Data listing Block Start

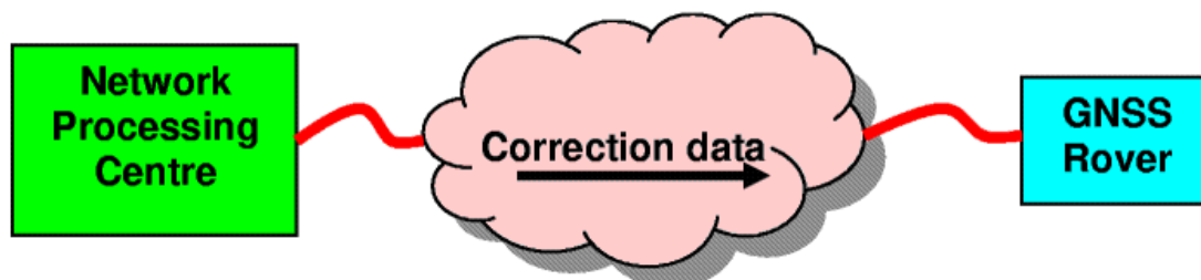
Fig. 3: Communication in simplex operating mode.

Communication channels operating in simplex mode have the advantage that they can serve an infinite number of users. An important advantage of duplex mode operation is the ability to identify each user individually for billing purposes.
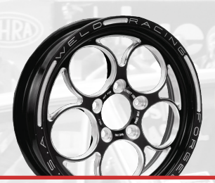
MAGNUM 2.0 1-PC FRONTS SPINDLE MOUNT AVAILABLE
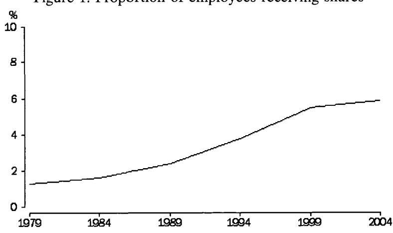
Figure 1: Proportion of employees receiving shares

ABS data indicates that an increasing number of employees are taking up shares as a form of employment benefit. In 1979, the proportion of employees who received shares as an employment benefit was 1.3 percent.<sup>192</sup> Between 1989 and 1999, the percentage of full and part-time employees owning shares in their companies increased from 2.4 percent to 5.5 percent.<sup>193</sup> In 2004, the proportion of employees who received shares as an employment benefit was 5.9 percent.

Data listing Block End

* _Exercise prompt_
Write out the material above once more, exactly as it reads, with no pictures.

* _Answer to this exercise_
Fig. 3: Communication in simplex operating mode.

Communication channels operating in simplex mode have the advantage that they can serve an infinite number of users. An important advantage of duplex mode operation is the ability to identify each user individually for billing purposes.
MAGNUM 2.0 1-PC FRONTS SPINDLE MOUNT AVAILABLE
Figure 1: Proportion of employees receiving shares

ABS data indicates that an increasing number of employees are taking up shares as a form of employment benefit. In 1979, the proportion of employees who received shares as an employment benefit was 1.3 percent.<sup>192</sup> Between 1989 and 1999, the percentage of full and part-time employees owning shares in their companies increased from 2.4 percent to 5.5 percent.<sup>193</sup> In 2004, the proportion of employees who received shares as an employment benefit was 5.9 percent.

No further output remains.